I resolve to determinately fight the urge to define the success or failure of my ministry on the amount of congregants or “Amens” in each service.
I pray that my soul would not be so fickle as to rely on man’s acclaim or applause or attendance as validation of my ministerial efforts. There is, perhaps, no more slippery or more seductive slope on which a minister can find himself than that of chasing the approval of his peers and identifying the quality of his ministry on the measure of his influence. Preachers are no more immune than anyone else to the fallacy of equating one’s identity with accomplishments. A pastor can all too easily succumb to the deceptive and degenerative behavior of quantifying his worth on the scale of his achievements. Ministers, young ones especially, quickly drown themselves in schedules and calendars and meetings and appointments all in the pursuit of making sure their résumé of doing bolsters their identity. But Jesus preaches a different message. In him, I am made to see that the significance of my life has no bearing on who I am. In the final analysis, the only title that carries weight in the courtroom of identity is not the one I make for myself but is the one that’s given to me by Christ himself. Jared Wilson, nearly echoing Dr. Fairbairn, writes in The Prodigal Church that “pastoral ministry is about souls, not stats.” As a minister of the gospel, I am not called to please people, usher in a realized utopia, or fix everyone’s lives. (Gal. 1:10) I am called to point people to their only true salvation in the bloodied hands and side of the Savior. My commission is to “hold on to the pattern of sound teaching” and “guard the good deposit” (2 Tim. 1:13–14) regardless of the results. And though I will struggle and strive for the sake of the gospel with my life, God is always sovereign over the results. (1 Cor. 15:10) The fruits are in his hands. Though my flesh might desire to incessantly look at the numbers and the stats to ensure I’m getting a good ROI on my ministry investment, it is the grace of God alone that precisely liberates me from worrying and stressing over the outcomes, giving me the ability to be faithful in the moment. The energy I expel for the sake of the gospel is reward enough in itself.

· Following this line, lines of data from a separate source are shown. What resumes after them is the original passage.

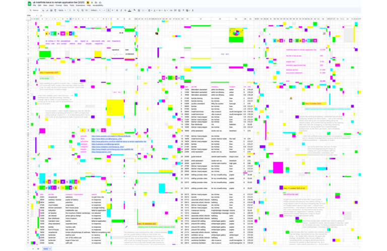 UK Indefinite Leave to Remain Application Fee (2025) is a screen-recorded performance on YouTube that doubles as a live fundraising campaign. In utilising the platform to solicit public donations, Chen reconfigures the familiar interface of a Google Sheet into a site of resilience, meticulously archiving her exhaustive efforts to secure the substantial legal fees required for UK permanent residency. Through accelerated screen recording, she converts the chromatic logic of a colour-coded spreadsheet into a frenetic kinetic animation.
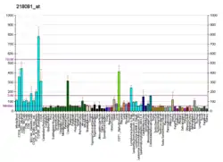 Protein C20orf27 is expressed ubiquitously throughout different human tissues. Microarray-assessed tissue expression pattern suggests caudate nucleus has the highest expression of protein C20orf27.[27]
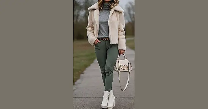 Hey there, fashion friends! Check out this awesome winter outfit! It’s like a super stylish blend of “western cool” meets “cozy winter vibes.” Imagine this: you’re strolling down a snowy street (or maybe just pretending!), feeling all warm and toasty in your creamy-white jacket. It’s like a cloud you can wear, and those olive green pants are seriously the perfect contrast – kind of like the mountains meeting a winter sky. And don’t even get me started on those cute white boots – they’re the finishing touch that screams, “I’m ready to take on the snow, one fashionable step at a time!”
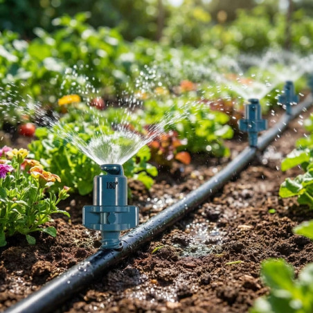 Der Mikrobewässerungssprinkler 180º 1,8–2,2 Meter (Packung mit 100 Stück) ist die perfekte Lösung, um Ihre Pflanzen effizient und präzise mit Feuchtigkeit zu versorgen. Mit einer Reichweite von 1,8 bis 2,2 Metern und einer Durchflussmenge von 36 bis 54 l/h garantiert dieser Mikrosprinkler eine gleichmäßige Wasserverteilung. Darüber hinaus ermöglicht das 90°-Bewässerungs-Mikrodiffusor-Design die Abdeckung eines großen Bewässerungsbereichs. Ein Wasserdruck von 1 bis 2 bar wird empfohlen und kann einfach durch Einrasten direkt in das Tropfrohr installiert werden. Dieses Paket enthält 100 Mikrosprinkler, um Ihren gesamten Bewässerungsbedarf zu decken.
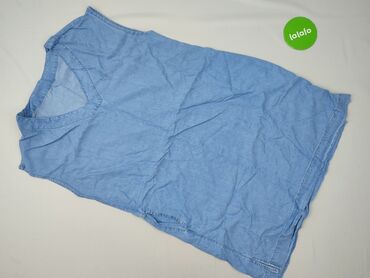 Sukienka/tunika jeansowa z krótkim rękawem - Fason: prosta, lekko dopasowana, zaokrąglony dół z delikatną falbanką - Wzór: marmurkowy/acid wash w odcieniach jasnego i średniego niebieskiego - Deko...Stan:
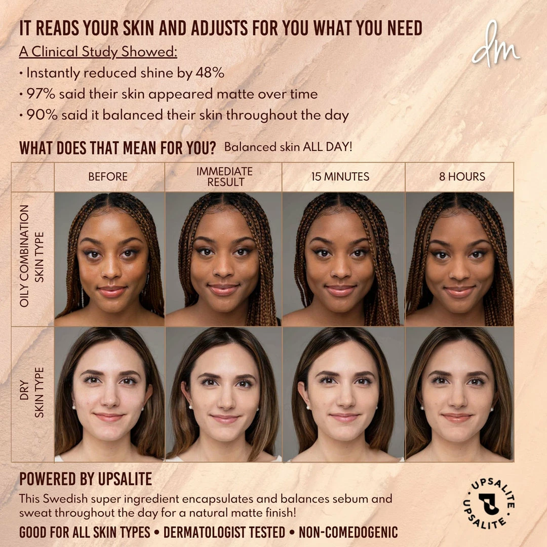 A texture reducing, coverage boosting, blurring balm that balances oils throughout the day while maintaining hydration. Powered by Upsalite a Swedish super ingredient that encapsulates and balances sebum and sweat throughout the day for a natural matte finish.

I resolve to stubbornly exposit the Scriptures with an ethic of the gospel in which the sinner is utterly exposed and the Savior is forever exalted.
As not only a believer of the Word but a student of its message, and a student of the art of proclaiming its truth, I affirm the seminal need for the right interpretation and propagation of “sound doctrine.” That is, it is undeniably necessary for the passion and death of the Lord Jesus to be the sum and substance of every sermon — for it is in that passion and death that all life, hope, and peace are found. To uphold the crucifixion and resurrection of Christ as exceedingly expedient and necessary is to exalt all that encompasses the name of the Lord Jesus, the one who “will save his people from their sins.” (Matt. 1:21) He is the reason. The rationale for laboring after the work of the ministry is found in Jesus’s scars. The lashes which heal are those that support, sustain, and strengthen also. (Isa. 53:5) If I am not speaking the words of Jesus’s life and death then I am merely wasting everyone’s time. I’m giving them platitudes that can be heard elsewhere, and probably more eloquently and professionally at that.

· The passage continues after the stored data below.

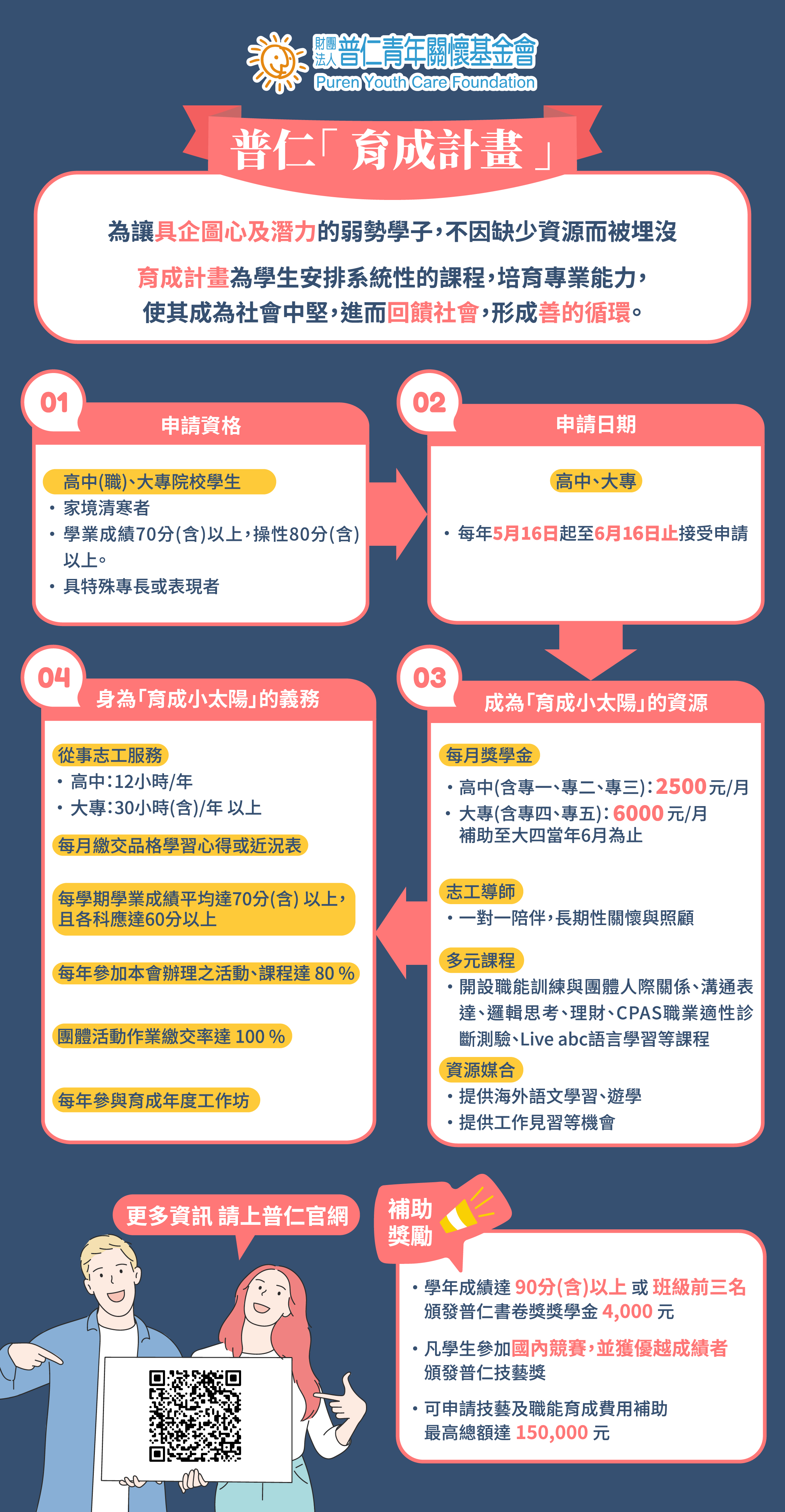 1.家境清寒高中(職)及大專院校在學學生,且學年學業成績平均70分(含)以上,操性80分(含)以上。
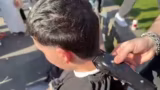 00:56:30Der Fokus liegt auf der Präzision des Schnitts. Die Teilnehmer gehen systematisch vor, indem sie zunächst die Seiten und dann den Hinterkopf bearbeiten. Der Chat gibt Tipps und schätzt den Verlauf des Haarschnitts positiv. Währenddessen wird der Stream von zahlreichen Umstehenden beobachtet, was eine Atmosphäre wie in einem Zoo erzeugt. Es werden Gespräche über persönliche Themen wie Namen, Herkunft und Freundschaften geführt.
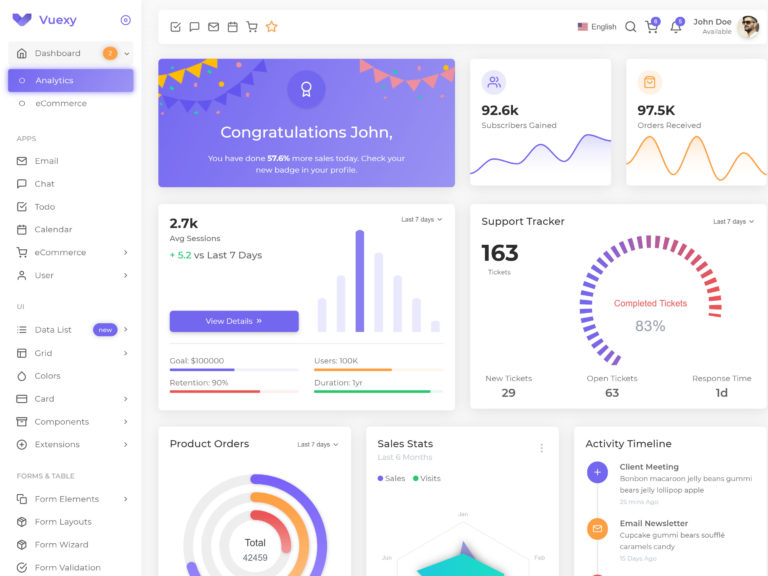 Vuexy HTMLおよびLaravelパッケージを構成するデモには、ダッシュボードの外観に関する多くのオプションがあります。 これらはすべてカスタマイズして、プロジェクトに固有のソリューションを構築できるようにすることができます。 ただし、完全に形成されてすぐに使用できるテンプレートのセットを探している場合は、Vuexyもその基準を満たしています。
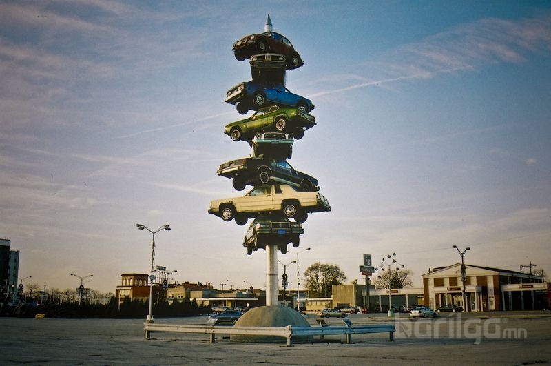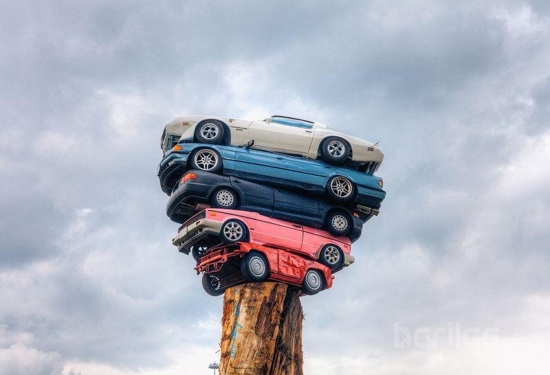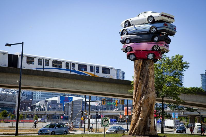 Ванкувер хотын “Quebec” гудамжны замын уулзвар дахь модны хожуул дээр 10 метрийн өндөр, 11.340 кг жинтэй овоолсон 5 машин бүхий баримал байрладаг байна. Тус баримлыг 2015 онд Ванкуверийн зураач Маркус Вокут "Тrans Am Totem" хэмээх нэртэй энэхүү бүтээлээ танилцуулсан бөгөөд BMW, Honda Civic, Volkswagen Golf Mk1, Cabriolet мөн 1981 Pontiac Trans Am маркийн машиныг оргилд нь байрлуулсан байна. Эдгээр машиныг орон нутгийн төмрийн хаягдал цуглуулгаас хандивласан ажээ. Мөн Берлин хотын Иллинойс мужид үүнтэй ижил Volkswagen болон BMW маркийн 8 машинаас бүрдсэн "Шпиндели" хэмээх уран баримал байдаг аж.
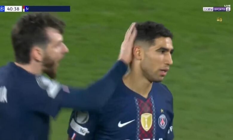 شاهدوا هدف حكيمي الجنووني والعالمي في مرمي موناكو في ملحق دوري أبطال أوروبا، وردة فعل إنريكي الجنوونية وتفاعله القوي وإحتفاله الهيستيري بالخرافة المغربية التي حدثت من زاوية شبه مستحيلة
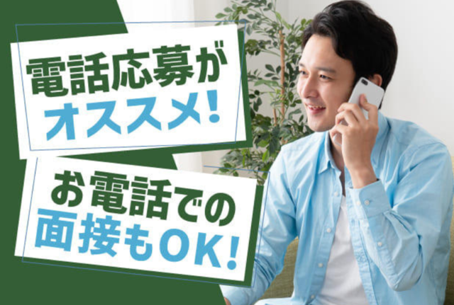 | 選べる面接方法 | 【自宅からでもOK!選べる面接方法】 (1)電話面接 (2)自宅からできるスマホ(WEB)面接 (3)来社していただく面接 ★お好きな面接方法を選べます! 応募時にご希望を伝えていただくとスムーズです |
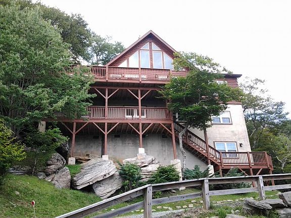 Wow! 5 bedrooms, 5 baths at 5,000 feet elevation with a great view in beautiful Beech Mountain, NC. The town of Beech Mountain, at an elevation of 5,506 feet, is recognized as the highest town in the eastern USA. So summers are cool with prime hiking and mountain biking. This newer home is lightly used and offered fully and nicely furnished, PLUS the lot next door (109 Spruce Hollow) is included. There are two living areas plus a small game room in the lower level. Three of the five bedrooms have baths en suite. Big decks on two levels for living and to take in the view. There is a private deck with a newer hot tub in back. This lot and the one next door have impressive rock outcroppings. There is room for everyone at this house, and it would make a fantastic vacation rental! Driveway offers a turnaround and plenty of parking. Home is on city water and sewer and has a Generac Generator. Great location on Beech Mountain. Club Membership included!

I resolve to faithfully and fervently unfold the Word of Jesus’s pardon for sinners because sinners are all that there are. And I am chief among them. (1 Tim. 1:15)
 I cannot lose sight of who I am amid all the biblical and theological vocabulary I intake. At the end of the day, notwithstanding the doctrinal insights I have made, I am still just as desperate as everyone else, perhaps even more so, for the glad tidings of God’s deliverance. I am such a sinner who has been exposed and who, indeed, is in dire need for the grace which he himself tenders. The passionate proclamation of God’s message of redemption only results from a heart that is cognizant of his own need for redemption. As Paul Tripp writes in his book, Dangerous Calling, “You simply cannot be a good ambassador of the grace of the King without recognizing your need for the King in your own life. Public ministry is meant to be fueled and propelled by private devotion.” (197) It is, therefore, unequivocally necessary that I never forget who I am: a sinner saved by grace. I am my own most desperate congregation. And so it is that in every venue, regardless of audience, my aim ought to be to exalt the bloodied God by whose stripes I am healed, I am exonerated, I am saved.

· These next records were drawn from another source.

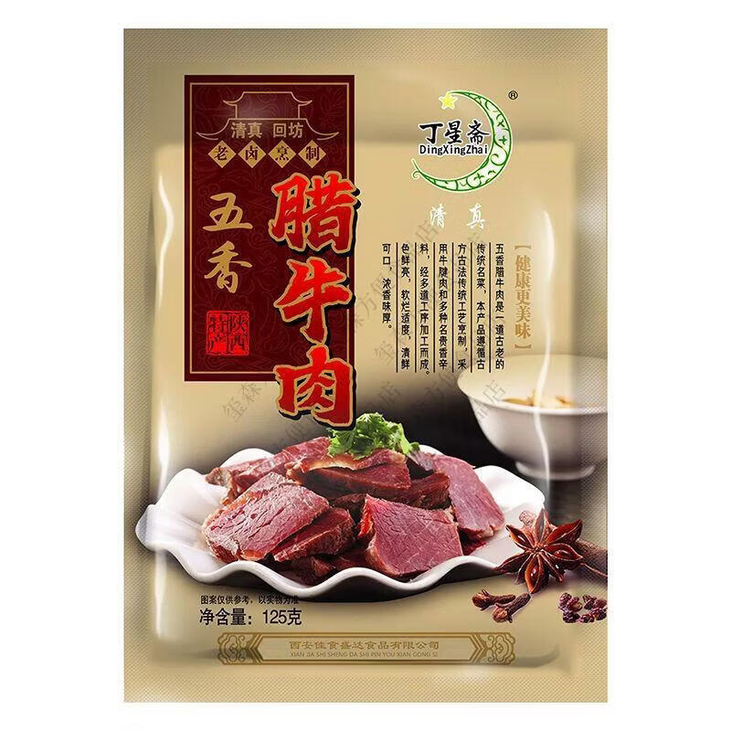 丁星斋陕西西安特产腊牛肉熟食五香牛腱子真空即食 实惠装西安腊牛肉125g*4袋
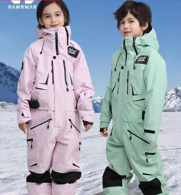 スキーウェア キッズ スノボ 防風 防寒 アウター 冬 アウトドア 男の子 女の子 ジャンプスーツ 子供 襟 高め ポリエステル 中綿 暖かい 保温 防水 透湿 通気性 軽量 フード 裾 ジップアップ 袖口 大きい ポケット
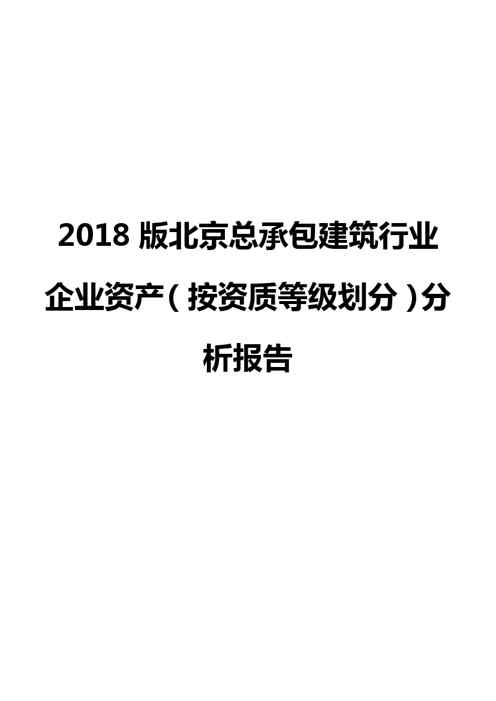 2018版北京总承包建筑行业企业资产(按资质等级划分)分析报告2018版北京总承包建筑行业企业资产(按资质等级划分)分析报告2018版北京总承包建筑行业企业资产(按资质等级划分)分析报告
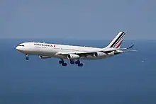 En , la compagnie introduit les premiers Airbus A330-200 sur les lignes Paris-Boston et Paris-Toronto. Propulsé par le moteur CF6-80E1, il remplace les Airbus A310 et Boeing 767-300ER[49]. Airbus honore ainsi une commande passée par Air France le [50] et qui vise à moderniser et rationaliser sa flotte de long-courrier, le dernier A310 étant retiré de la flotte le et le dernier Boeing 767-300ER le . Ces nouveaux appareils sont les premiers pourvus de caméra embarquées qui permettent aux voyageurs de suivre par écran interposé les différentes étapes du vol[51].
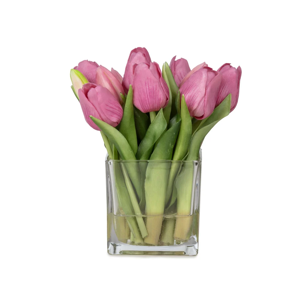 Küçük Boy Kare Cam Vazoda Islak Dokulu Jelli Mauve Lale Aranjman (20 CM)
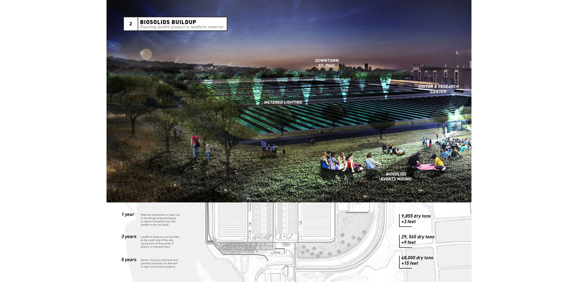 Biosolids - The proposal redirects 48,000 dry tons of class B biosolids from the local landfill over 5 years to create a landform at the south end of the site, which will serve as a large, informal events space. After this period, biosolids will be distributed to the community for earthworks projects, reinforcing the plant’s city-scale metabolic process.
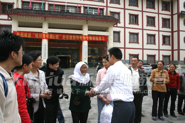 松潘縣縣委常委、統戰部部長、總工會主席鐵心蘭在歡送儀式上首先代表松潘縣對安徽人民的支持和援助表示衷心地感謝,對安徽新華電腦專修學院的愛心行動作出了高度評價。她說:“安徽新華電腦專修學院提供40名免費學電腦技能的名額。投入了巨大的人力和物力,這是一項偉大的育人工程。希望到合肥求學的學子要努力學習,不要辜負安徽人民和新華老師的一片心意,將來為家鄉建設貢獻自己的一份力量”。

I am not naïve enough or brash enough to believe that the foregoing resolutions will be executed in their entirety at all times. I know my heart and I know for certain that I will break these intentions at some point. I pray to God along with the psalmist, “I have gone astray like a lost sheep; seek thy servant.” (Ps. 119:176) I pray for God’s Spirit to empower and embolden me to live in them longer than those made at the turn of every new year. It is my chiefest desire to resolve my life to these ends, that the power of Christ may rest upon me and flow through me, and shine onto those around me.

God Can Restore Your Lost Years:

Money can be restored. Property can be restored—broken-down cars, stripped painting, old houses. Relationships can be restored. But one thing that can never be restored is time. Time flies and it does not return. Years pass and we never get them back.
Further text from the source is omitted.